Jack Landau (December 23, 1922, in Braddock, Pennsylvania – March 15, 1967, in Boston, Massachusetts) was an American stage and television director.

==Early life==

Jack Landau was the youngest of seven children. He had one brother, Hyman Garshin Landau (1909-1966), and five sisters: Lottie Landau Applebaum (1904-1996), Rose Landau Fox (1907-1961), Edith Landau (1914-1942), Sylvia Landau Kasdan (1917-2012), and Jean Landau Glanz (1919-1955). (Sylvia is the mother of screenwriter and director Lawrence Kasdan.) His parents were Lazear "Leonard" Landau (1879-1936) and Anna Stopnitsky Landau (1883-1949), both Polish immigrants. Landau graduated from Peabody High School in Pittsburgh, Pennsylvania, in 1940. He was an active and artistic student, contributing his time to the Masque and Wig Club (President), Palette and Brush Club (President), French Club, Debating Club, and the Stunt Day Committee. He was also a member of the National Honor Society, a reporter for The Civitan (the school's newspaper), and an actor in the school's 1940 play, What A Life. He graduated from St. John's College (Annapolis/Santa Fe) in Annapolis, Maryland, in 1944.

==Early career==

Landau's first time working on Broadway occurred in April 1944 when he did the lighting design for War President, a play by Nat Sherman. The play, a "drama about [Abraham] Lincoln and his relationships with his Cabinet," was staged at the Shubert Theatre (New York City), and it had only two performances (April 24–25). Landau eventually began doing set design and costume design, working on such plays as A Phoenix Too Frequent and Freight (both one-act plays produced by Stephen H. Scheuer and Bernard Carson in 1950), Mary Rose (produced by Helen Hayes for the ANTA Playhouse in 1951), and Dear Barbarians (starring Cloris Leachman and produced by Gant Gaither in 1952). In 1955, he directed The Carefree Tree, a two-act play by Aldyth Morris performed at the Phoenix Theatre (New York City). Also in 1955, Landau was awarded the Drama Desk Award for Outstanding Director for his work on The Clandestine Marriage and The White Devil.

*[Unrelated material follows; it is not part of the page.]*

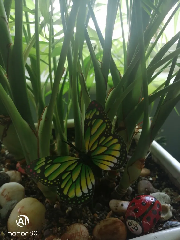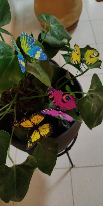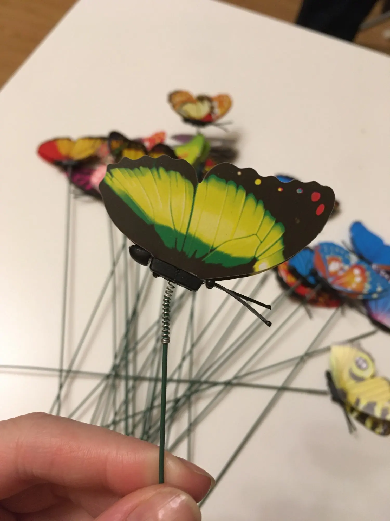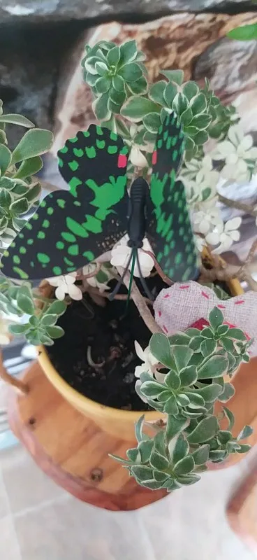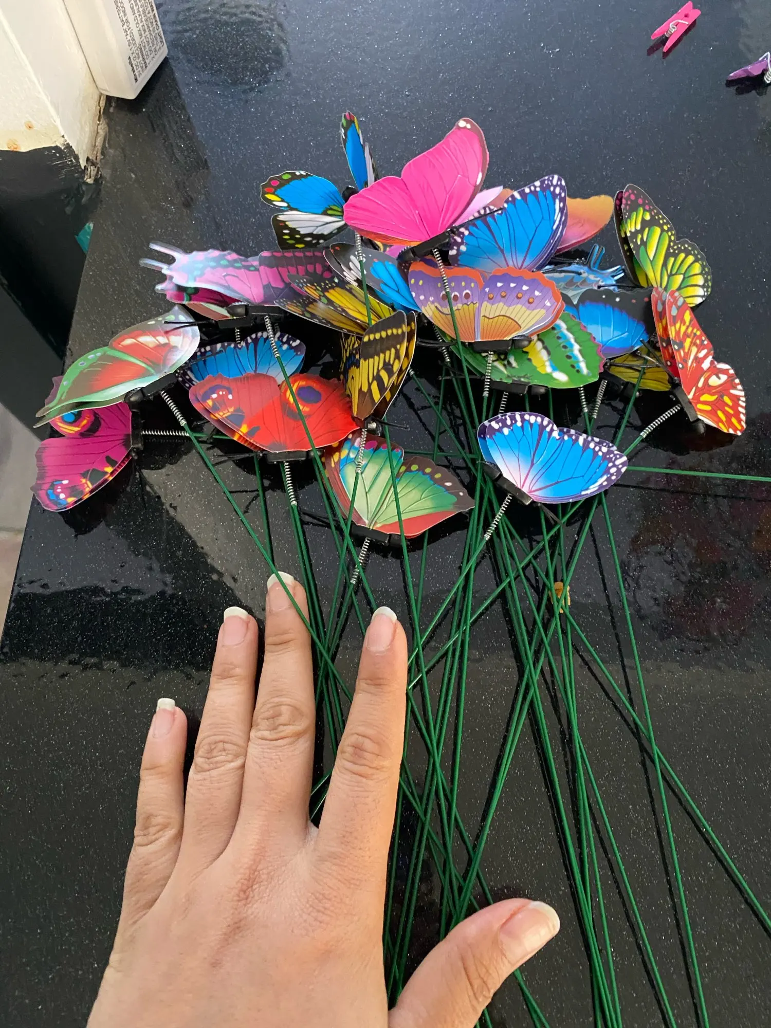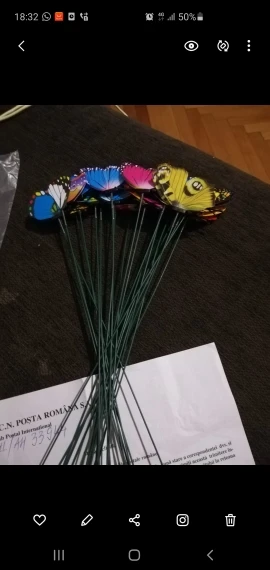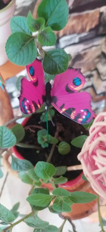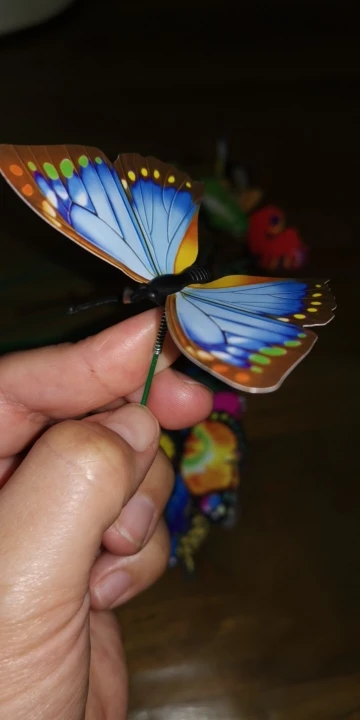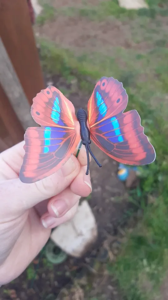 Бабочки неплохие, небольшие, примерно 4-5см, но прутья , на которые они закреплены очень тонкие, тоньше , наверное, чем зубочистки. В почву входят нормально, не гнутся. И , спасибо продавцу, отправил их, хотя бы , не сгибая прутья.

==The American Shakespeare Festival Theatre and Academy==

After spending some time in London on the staff of The Old Vic, as well as working on a production of Measure for Measure at Stratford-upon-Avon, Landau's efforts caught the eye of John Houseman, who had been hired as artistic director for the American Shakespeare Festival Theatre and Academy in Stratford, Connecticut, in early 1956. On May 8, 1956, it was announced that Landau would be the new associate director at the Shakespearean establishment. (See American Shakespeare Theatre.) When Houseman resigned his position in August 1959, Landau was appointed as his replacement the following month.

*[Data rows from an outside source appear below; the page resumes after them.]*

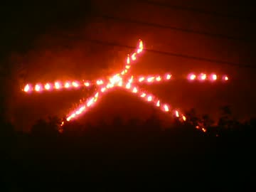 京都 五山の送り火。東山の「大」の文字。2015年。
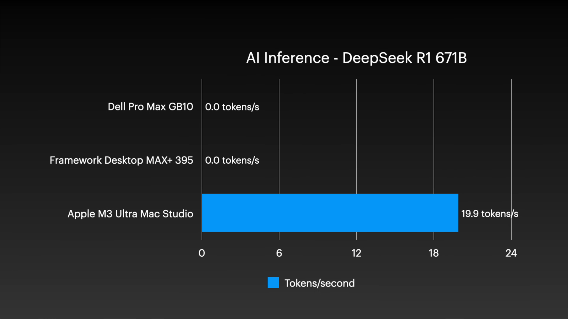 特にDeepSeek R1などの超大規模モデルに至っては、他2つのシステムでは単体ノードでの実行すら不可能であり、Mac Studioの持つ巨大なユニファイドメモリの優位性が明確になっています。
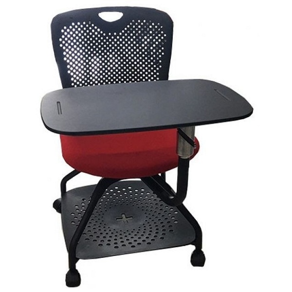 Cách bố trí này giúp ngăn ngừa sự ẩm ướt khi mồ hôi ra. Ngoài ra, bàn viết được thiết kế có rãnh để đặt bút rất tiện lợi. Khi không sử dụng, bàn có thể gập lại nhanh chóng mà không gây cản trở. Chân ghế được cố định và có bọc đệm cao su, giúp ngăn chặn trơn trượt và tiếng ồn khi di chuyển. Điều này đảm bảo bề mặt sàn nhà không bị trầy xước và mang lại tính thẩm mỹ cao.
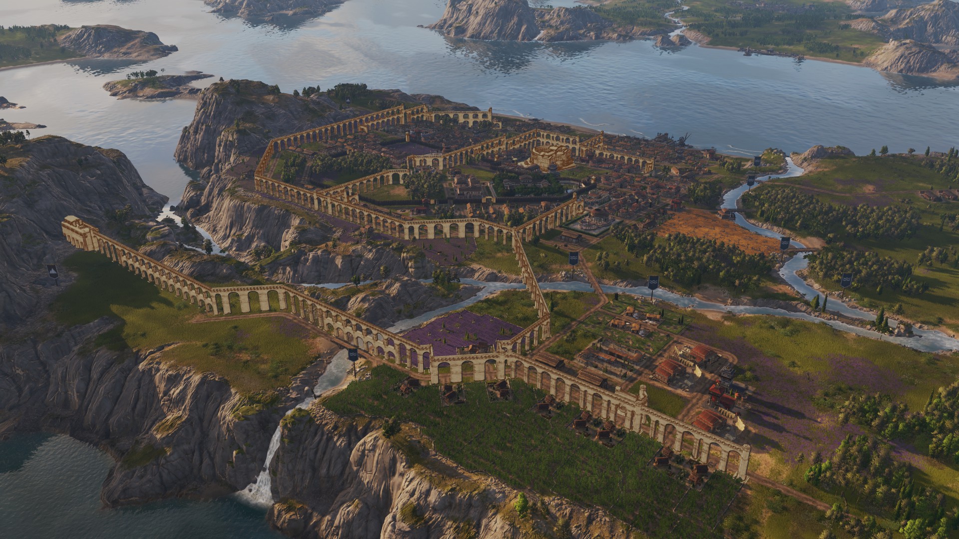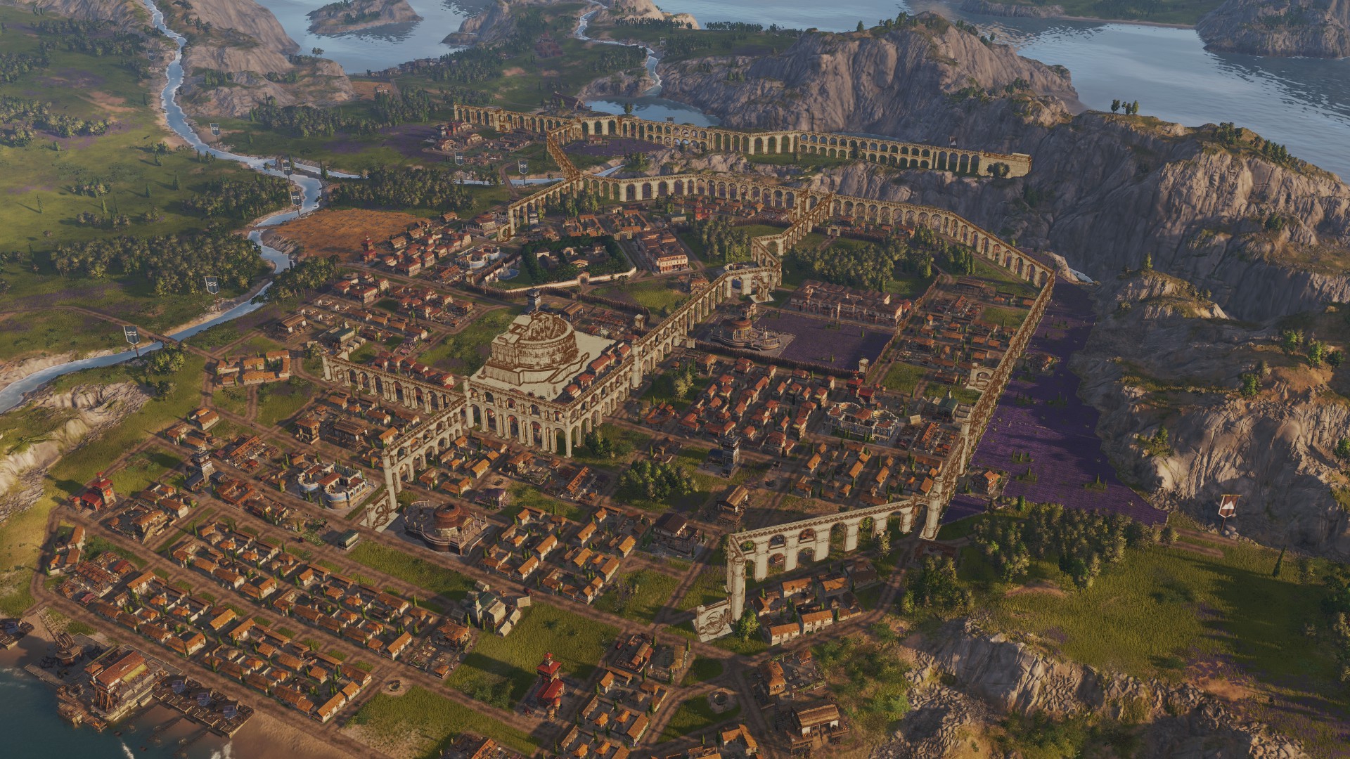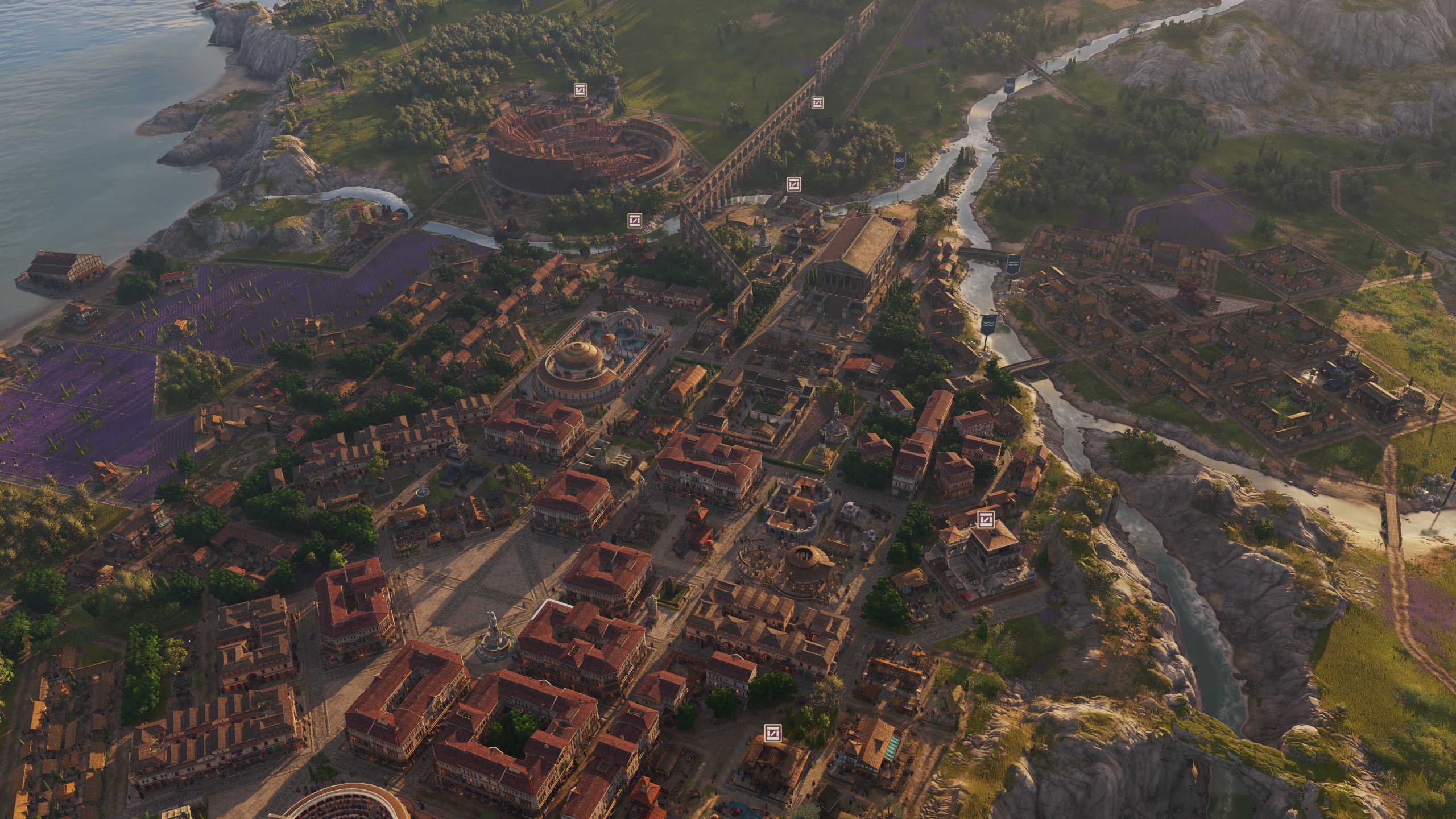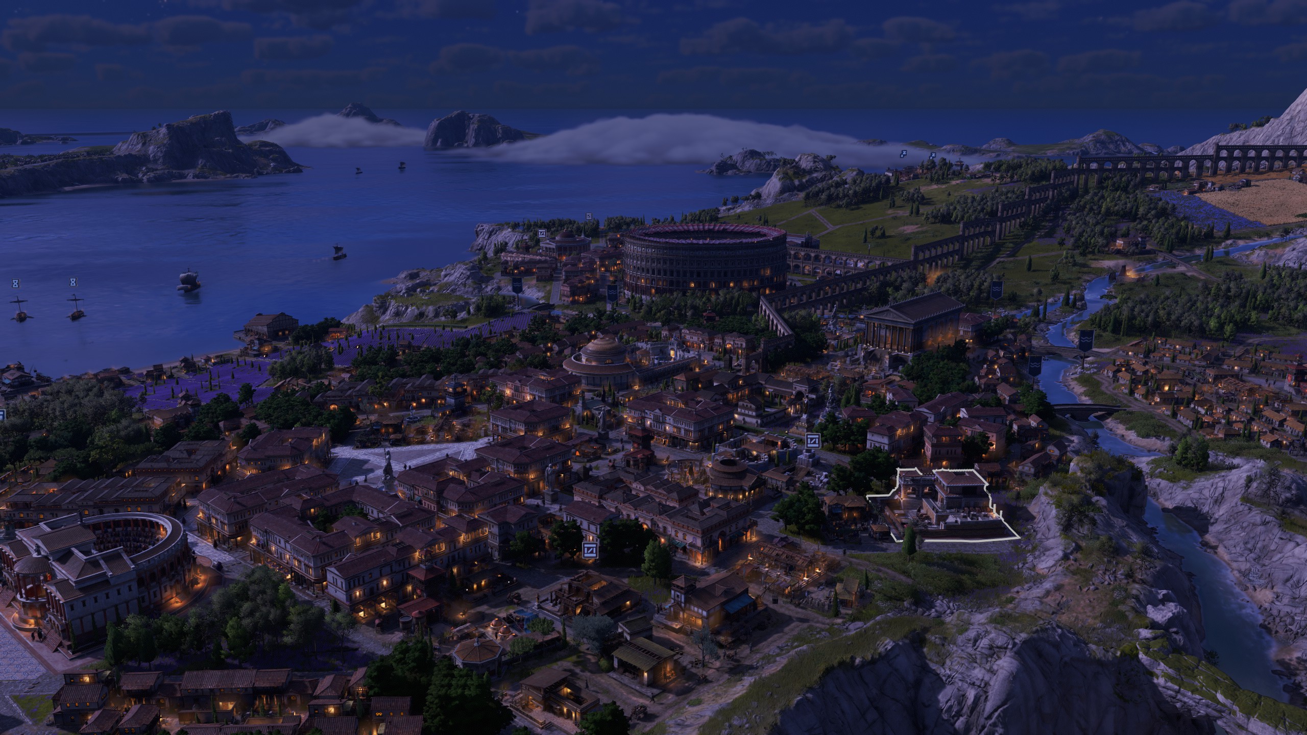 Как и ожидалось, всё планирование пошло по пизде. Внезапно, акведуки используют топографию острова и, снова, внезапно акведук не может идти вверх, только вниз. И пересекаться с другим акведуком тоже, что конечно, вносит определённые корректировки в моё планирование и пускают по пизде весь мой остров и его планировку. Алсо театр оказался ебать каким большим.

In September 1961, Landau was asked to make a Shakespearean theatrical presentation at The White House at the request of President John F. Kennedy and his wife, Jacqueline Kennedy, to honor a visit from President Ibrahim Abboud of the Sudan. On the evening of Wednesday, October 4, 1961, Landau directed seven of his actors in five scenes from the following plays: Macbeth, Troilus and Cressida, Henry V, As You Like It and The Tempest. It marked the first time Shakespeare had been performed at The White House since 1910, when several actors performed on the south lawn during the Taft administration.

==Death==

After working as a drama instructor at both Yale University and Boston University, Landau joined the public affairs department of CBS News. In early 1967, he was working as a consultant on a television special for WHDH (Channel 7) in Boston. During the early morning hours of March 15, three teenagers broke into his apartment. Landau, who was clothed in a robe and slippers, was tied up with wire, after which he was beaten, strangled and stabbed. His body was discovered by his agent, David Weiss, on the evening of March 16. Landau's apartment had been ransacked, and several items had been stolen, including his white convertible.

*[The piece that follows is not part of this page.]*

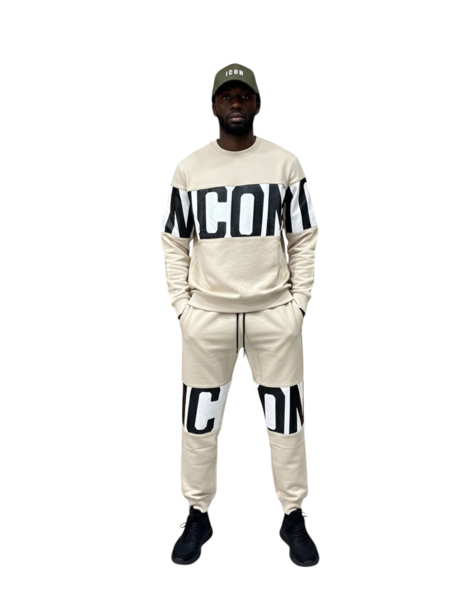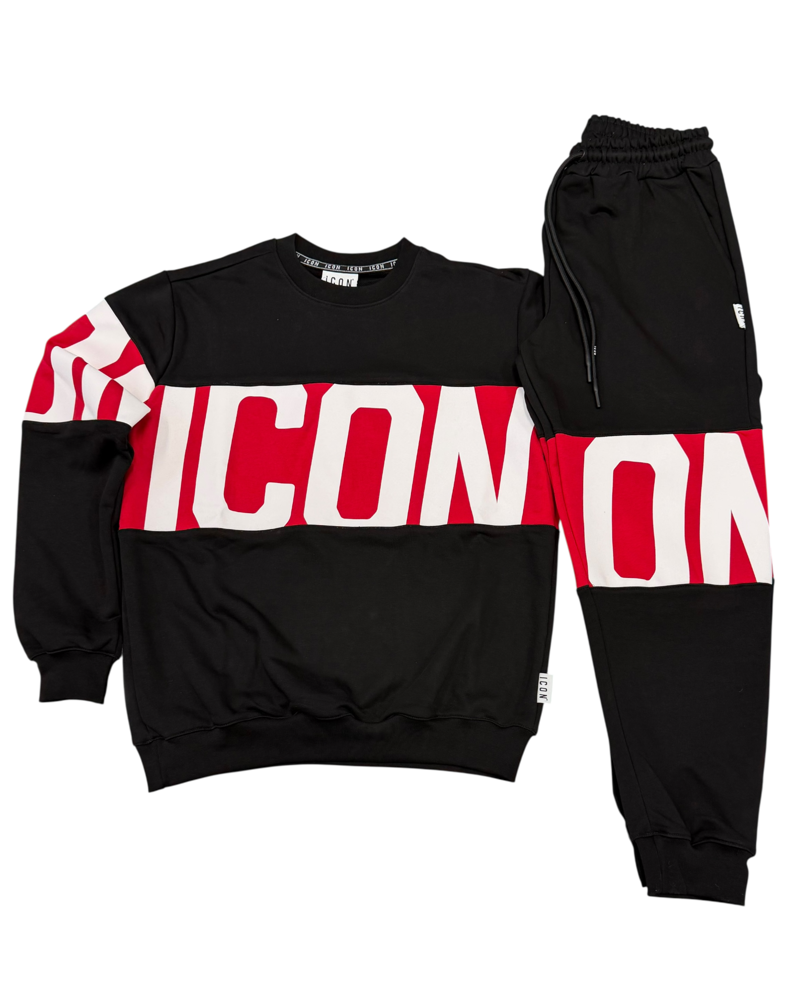 Tuta uomo ICON girocollo con stripe su felpa e Jogger stampa ICON avanti e dietro

On the evening of March 18, Boston homicide detectives and Revere police officers arrested Michael E. Riley, 19, Eugene G. McKenna, 17, and Frederick Simone, 16, all residents of Revere, for the murder of Jack Landau. Riley and McKenna were charged with murder. Because of his age, Simone was charged with "being a delinquent child by reason of murder" and he was tried in juvenile court. (Years later, Simone would become a capo of the East Boston crew for the Patriarca crime family.) In January 1968, Riley and McKenna were sentenced to life in prison. In February 1969, the Massachusetts Supreme Court overturned the murder convictions because the police did not let the suspects talk with their attorneys while they were being questioned. Since the case would be up for retrial, Riley and McKenna seized the opportunity to strike a plea deal, and they pled guilty to manslaughter, each being sentenced to 12 to 20 years for Landau's death.